═════ Records shown ═════
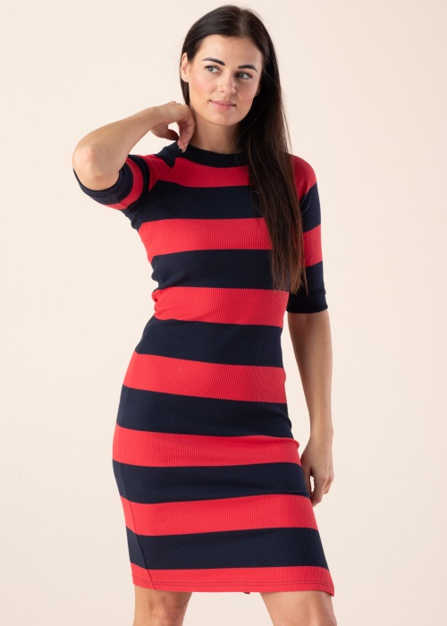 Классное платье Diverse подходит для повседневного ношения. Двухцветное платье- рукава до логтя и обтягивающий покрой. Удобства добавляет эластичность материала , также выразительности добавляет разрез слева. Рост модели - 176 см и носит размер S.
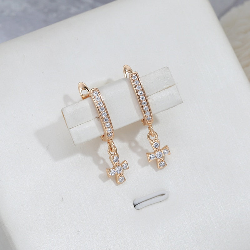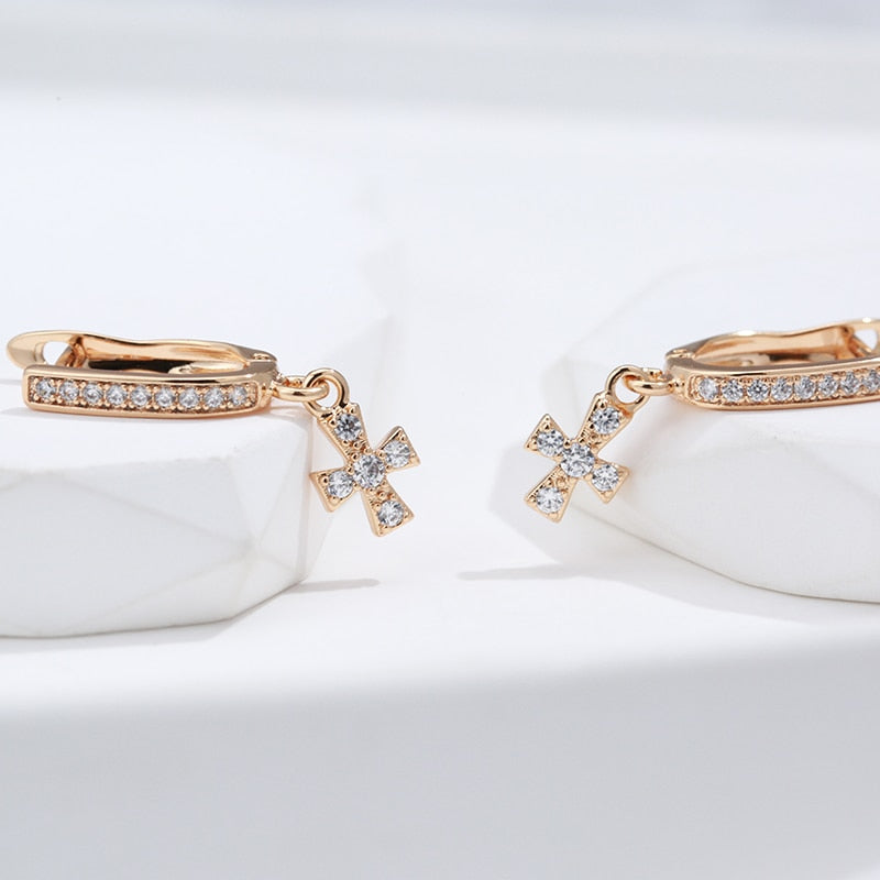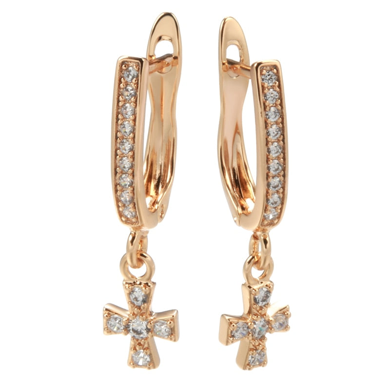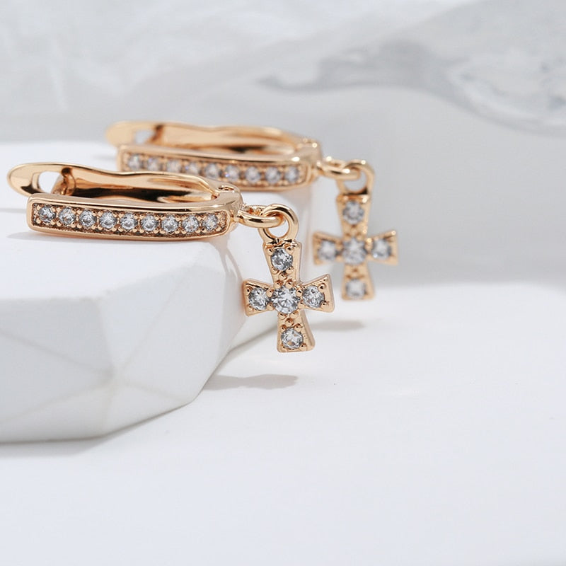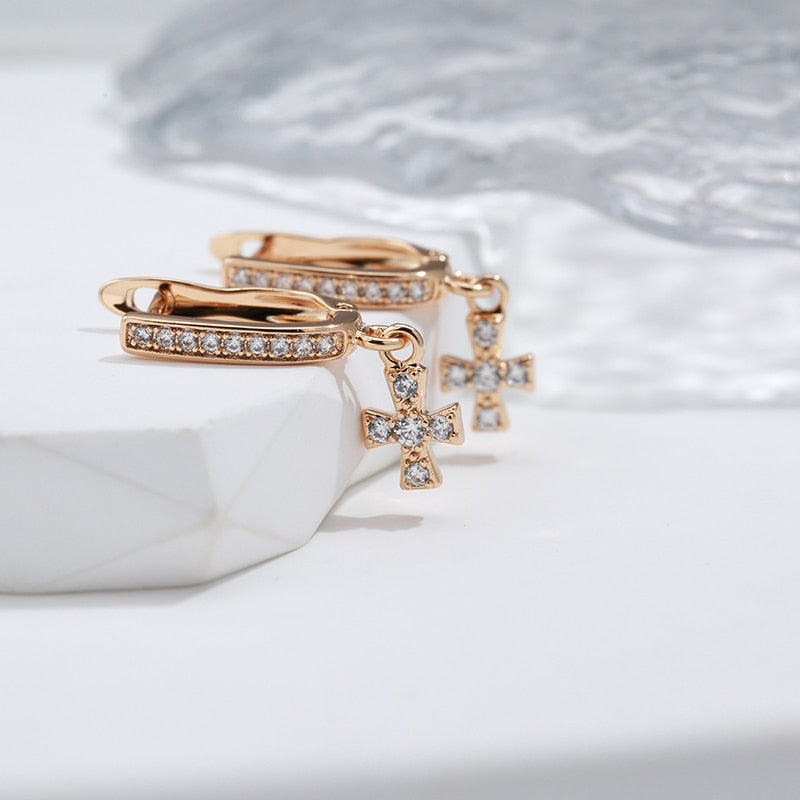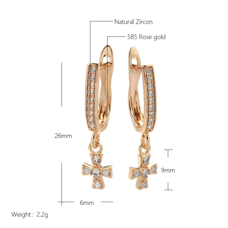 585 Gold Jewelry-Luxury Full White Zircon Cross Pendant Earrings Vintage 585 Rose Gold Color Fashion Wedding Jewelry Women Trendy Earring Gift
═════
═════ Records shown ═════
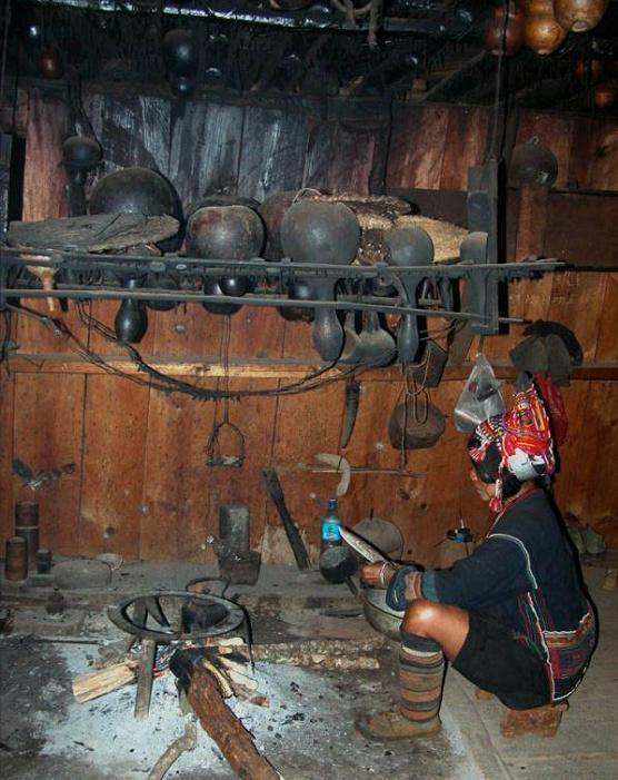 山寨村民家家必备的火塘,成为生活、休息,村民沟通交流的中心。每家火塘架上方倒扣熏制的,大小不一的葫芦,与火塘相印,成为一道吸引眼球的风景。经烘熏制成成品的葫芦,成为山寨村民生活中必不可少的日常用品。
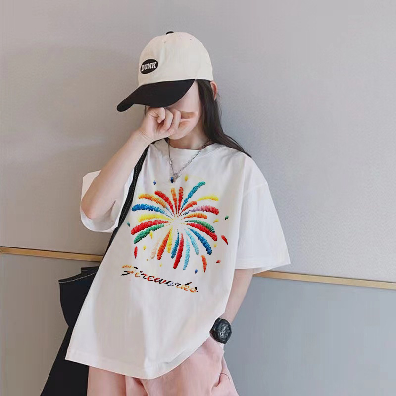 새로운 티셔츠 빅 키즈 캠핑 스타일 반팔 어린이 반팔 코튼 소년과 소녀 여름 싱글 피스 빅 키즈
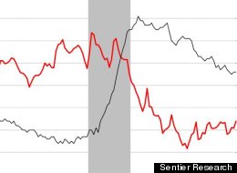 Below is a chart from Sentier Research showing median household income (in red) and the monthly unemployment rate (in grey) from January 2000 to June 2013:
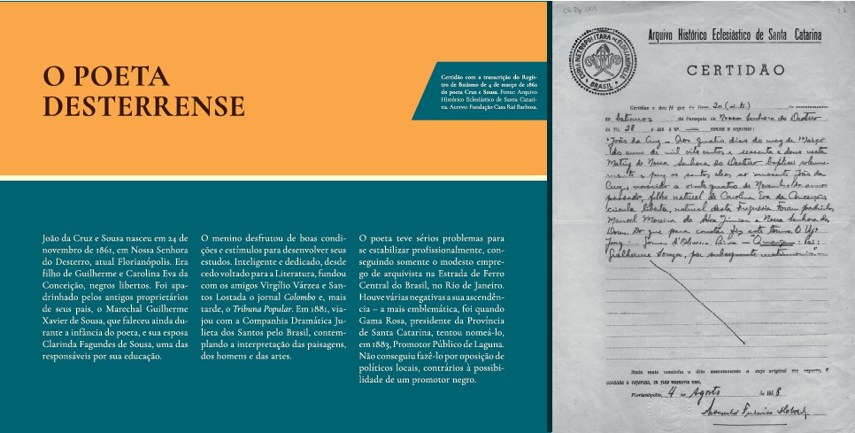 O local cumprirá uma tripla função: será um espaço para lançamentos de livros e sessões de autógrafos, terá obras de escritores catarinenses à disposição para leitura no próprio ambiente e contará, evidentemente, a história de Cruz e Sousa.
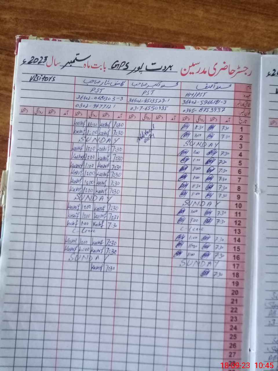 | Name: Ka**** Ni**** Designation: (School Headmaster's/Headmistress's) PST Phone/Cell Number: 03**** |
═════
Start with the line above containing "Below is a chart" and end with the line containing "Number: 03**** |". Set down that stretch exactly, without any pictures.

> **Result of this task**:
 Below is a chart from Sentier Research showing median household income (in red) and the monthly unemployment rate (in grey) from January 2000 to June 2013:
 O local cumprirá uma tripla função: será um espaço para lançamentos de livros e sessões de autógrafos, terá obras de escritores catarinenses à disposição para leitura no próprio ambiente e contará, evidentemente, a história de Cruz e Sousa.
 | Name: Ka**** Ni**** Designation: (School Headmaster's/Headmistress's) PST Phone/Cell Number: 03**** |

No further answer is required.